Exercise data
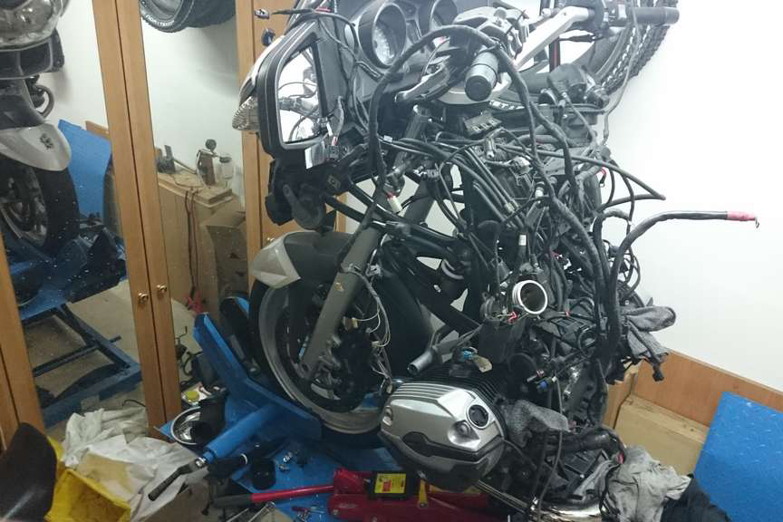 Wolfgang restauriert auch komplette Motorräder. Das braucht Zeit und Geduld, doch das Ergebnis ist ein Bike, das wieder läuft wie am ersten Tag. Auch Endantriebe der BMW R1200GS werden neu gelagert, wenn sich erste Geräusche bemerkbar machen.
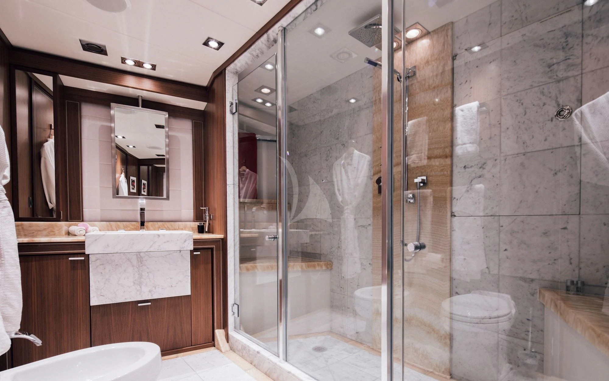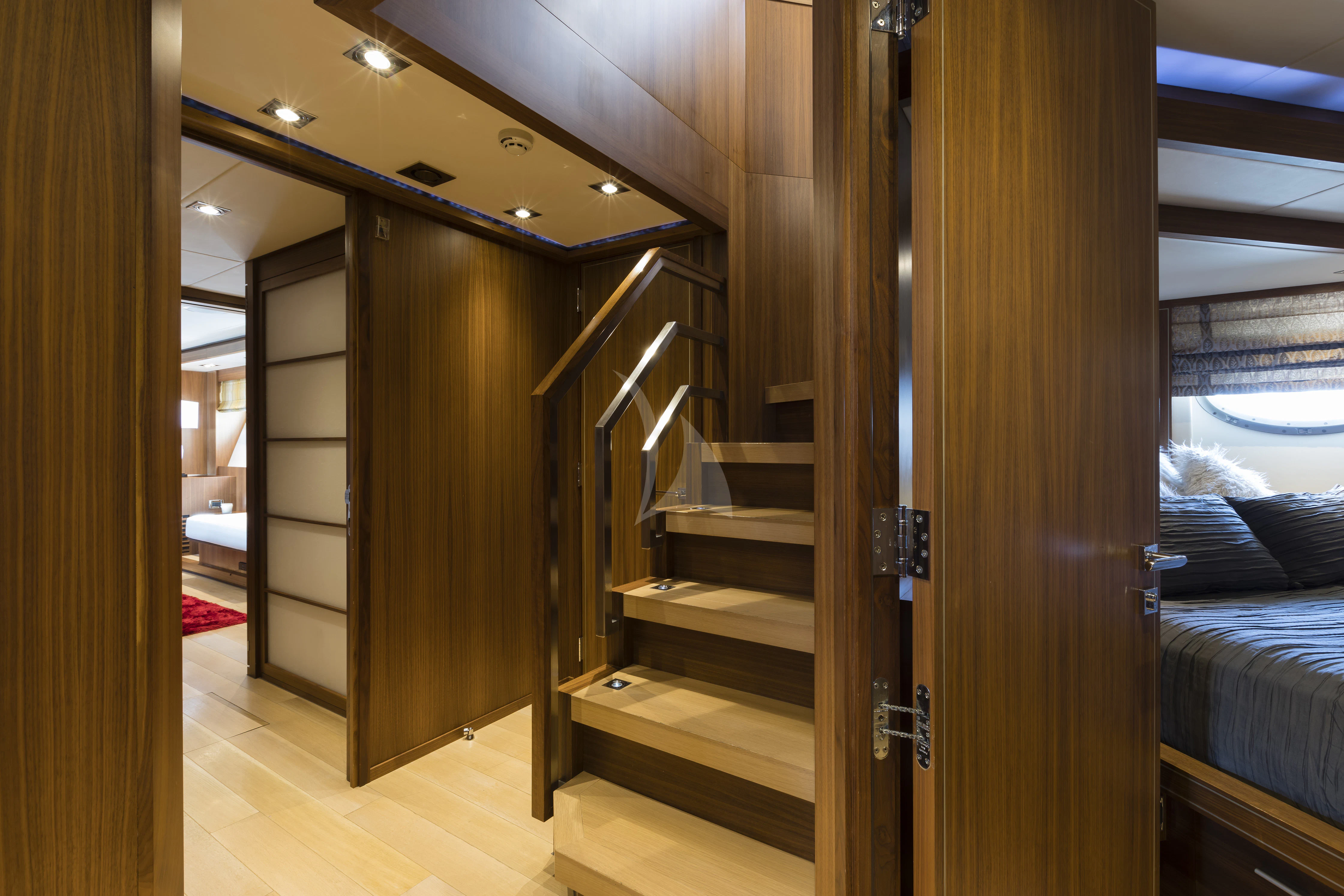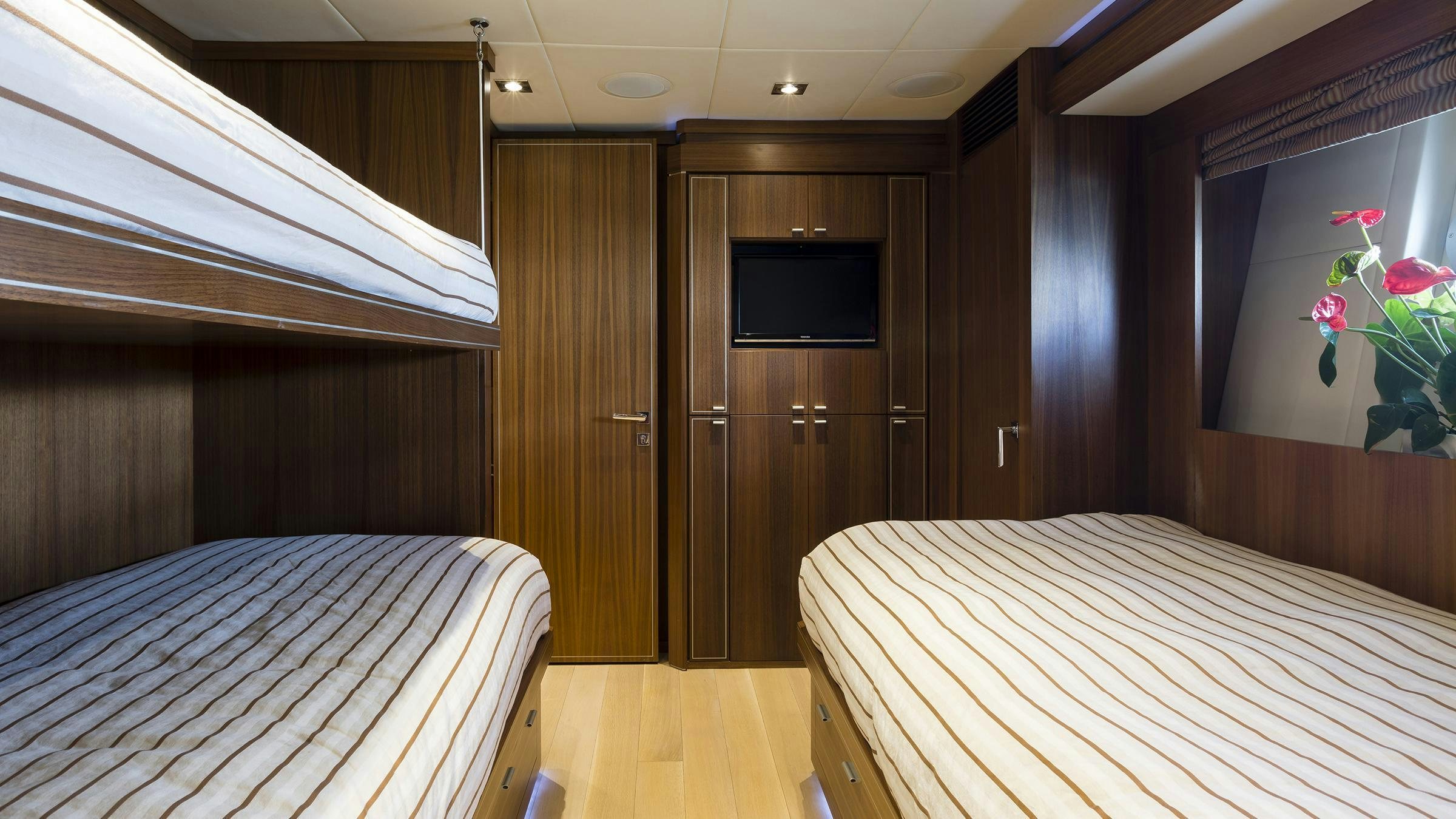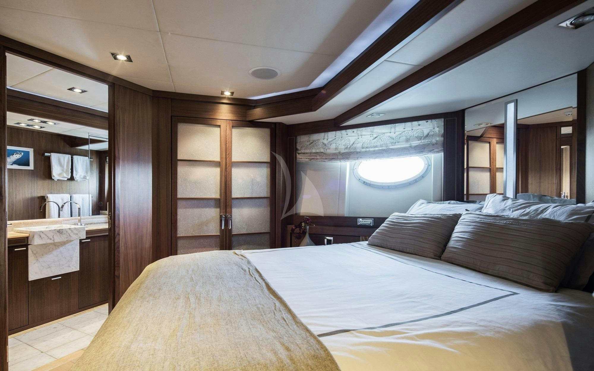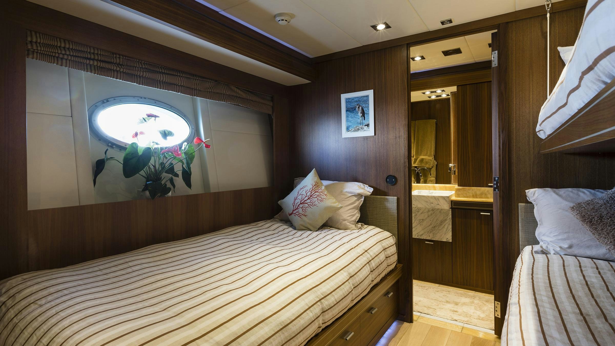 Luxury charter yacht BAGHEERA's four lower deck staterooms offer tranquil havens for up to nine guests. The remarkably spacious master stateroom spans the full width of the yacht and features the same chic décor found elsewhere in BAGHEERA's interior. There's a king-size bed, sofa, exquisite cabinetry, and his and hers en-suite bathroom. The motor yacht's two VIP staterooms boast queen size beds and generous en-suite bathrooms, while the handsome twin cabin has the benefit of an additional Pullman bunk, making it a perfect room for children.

--

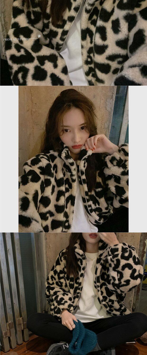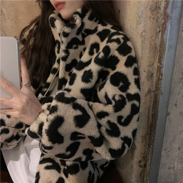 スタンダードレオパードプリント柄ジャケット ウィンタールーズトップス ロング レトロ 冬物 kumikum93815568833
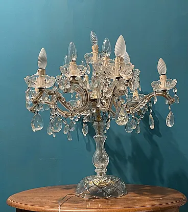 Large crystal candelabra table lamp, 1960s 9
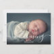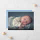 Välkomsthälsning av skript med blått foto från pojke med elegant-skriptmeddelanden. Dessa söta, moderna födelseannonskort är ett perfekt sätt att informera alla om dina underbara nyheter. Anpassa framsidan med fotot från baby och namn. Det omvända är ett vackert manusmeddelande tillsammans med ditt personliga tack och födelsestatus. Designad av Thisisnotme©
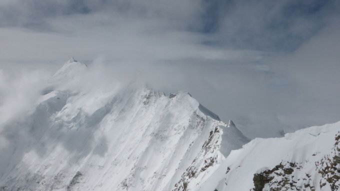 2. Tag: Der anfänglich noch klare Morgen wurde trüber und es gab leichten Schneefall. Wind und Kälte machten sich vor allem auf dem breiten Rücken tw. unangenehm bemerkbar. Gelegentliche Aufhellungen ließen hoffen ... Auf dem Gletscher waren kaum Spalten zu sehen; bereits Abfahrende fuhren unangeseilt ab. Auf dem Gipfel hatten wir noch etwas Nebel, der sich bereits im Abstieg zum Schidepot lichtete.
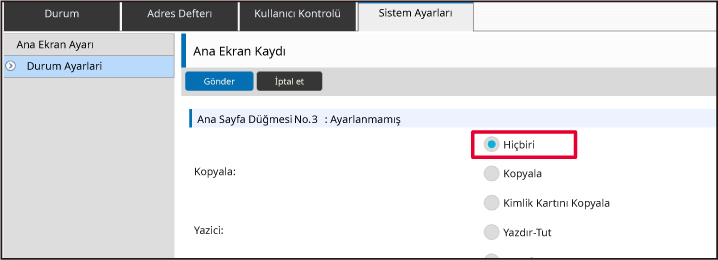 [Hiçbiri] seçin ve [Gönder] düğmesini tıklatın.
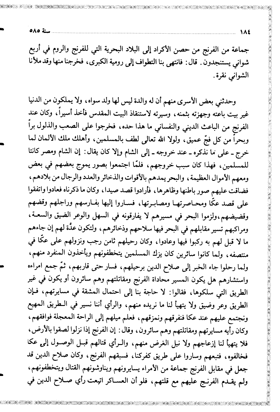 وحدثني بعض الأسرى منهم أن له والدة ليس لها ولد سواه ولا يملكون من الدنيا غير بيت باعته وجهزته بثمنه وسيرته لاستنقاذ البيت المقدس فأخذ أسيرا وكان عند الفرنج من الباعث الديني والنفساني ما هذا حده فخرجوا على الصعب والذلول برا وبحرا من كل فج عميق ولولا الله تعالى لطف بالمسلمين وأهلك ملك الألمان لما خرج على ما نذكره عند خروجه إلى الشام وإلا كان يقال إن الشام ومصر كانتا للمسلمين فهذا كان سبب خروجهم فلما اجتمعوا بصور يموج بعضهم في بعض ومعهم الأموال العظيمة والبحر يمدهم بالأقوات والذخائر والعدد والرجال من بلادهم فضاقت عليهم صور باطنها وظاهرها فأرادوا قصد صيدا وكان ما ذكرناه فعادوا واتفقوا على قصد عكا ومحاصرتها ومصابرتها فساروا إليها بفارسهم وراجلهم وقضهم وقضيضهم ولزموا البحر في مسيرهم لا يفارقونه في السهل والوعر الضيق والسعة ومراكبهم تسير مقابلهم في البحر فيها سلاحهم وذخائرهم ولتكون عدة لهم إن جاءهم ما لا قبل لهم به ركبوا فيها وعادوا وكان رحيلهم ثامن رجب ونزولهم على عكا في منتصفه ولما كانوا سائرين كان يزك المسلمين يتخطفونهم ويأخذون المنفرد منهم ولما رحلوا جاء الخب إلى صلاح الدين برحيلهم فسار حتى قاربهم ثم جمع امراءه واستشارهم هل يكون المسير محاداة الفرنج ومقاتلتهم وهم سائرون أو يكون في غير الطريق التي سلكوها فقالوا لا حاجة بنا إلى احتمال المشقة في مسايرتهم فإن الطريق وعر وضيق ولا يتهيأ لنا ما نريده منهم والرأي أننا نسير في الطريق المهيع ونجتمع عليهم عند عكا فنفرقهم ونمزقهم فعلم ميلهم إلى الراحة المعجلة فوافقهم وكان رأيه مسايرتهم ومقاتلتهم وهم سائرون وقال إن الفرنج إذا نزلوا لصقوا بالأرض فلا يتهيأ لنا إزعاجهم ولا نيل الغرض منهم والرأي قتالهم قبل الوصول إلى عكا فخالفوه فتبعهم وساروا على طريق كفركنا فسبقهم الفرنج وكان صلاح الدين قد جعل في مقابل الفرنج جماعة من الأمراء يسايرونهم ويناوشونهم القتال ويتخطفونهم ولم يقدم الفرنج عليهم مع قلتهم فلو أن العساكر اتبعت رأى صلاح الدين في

Work required
Nothing but the lines from the one containing "スタンダードレオパードプリント柄ジャケット ウィンタールーズトップス ロング" through the one containing "[Hiçbiri] seçin ve" should appear, copied exactly from the material above and without pictures.

Expected answer
 スタンダードレオパードプリント柄ジャケット ウィンタールーズトップス ロング レトロ 冬物 kumikum93815568833
 Large crystal candelabra table lamp, 1960s 9
 Välkomsthälsning av skript med blått foto från pojke med elegant-skriptmeddelanden. Dessa söta, moderna födelseannonskort är ett perfekt sätt att informera alla om dina underbara nyheter. Anpassa framsidan med fotot från baby och namn. Det omvända är ett vackert manusmeddelande tillsammans med ditt personliga tack och födelsestatus. Designad av Thisisnotme©
 2. Tag: Der anfänglich noch klare Morgen wurde trüber und es gab leichten Schneefall. Wind und Kälte machten sich vor allem auf dem breiten Rücken tw. unangenehm bemerkbar. Gelegentliche Aufhellungen ließen hoffen ... Auf dem Gletscher waren kaum Spalten zu sehen; bereits Abfahrende fuhren unangeseilt ab. Auf dem Gipfel hatten wir noch etwas Nebel, der sich bereits im Abstieg zum Schidepot lichtete.
 [Hiçbiri] seçin ve [Gönder] düğmesini tıklatın.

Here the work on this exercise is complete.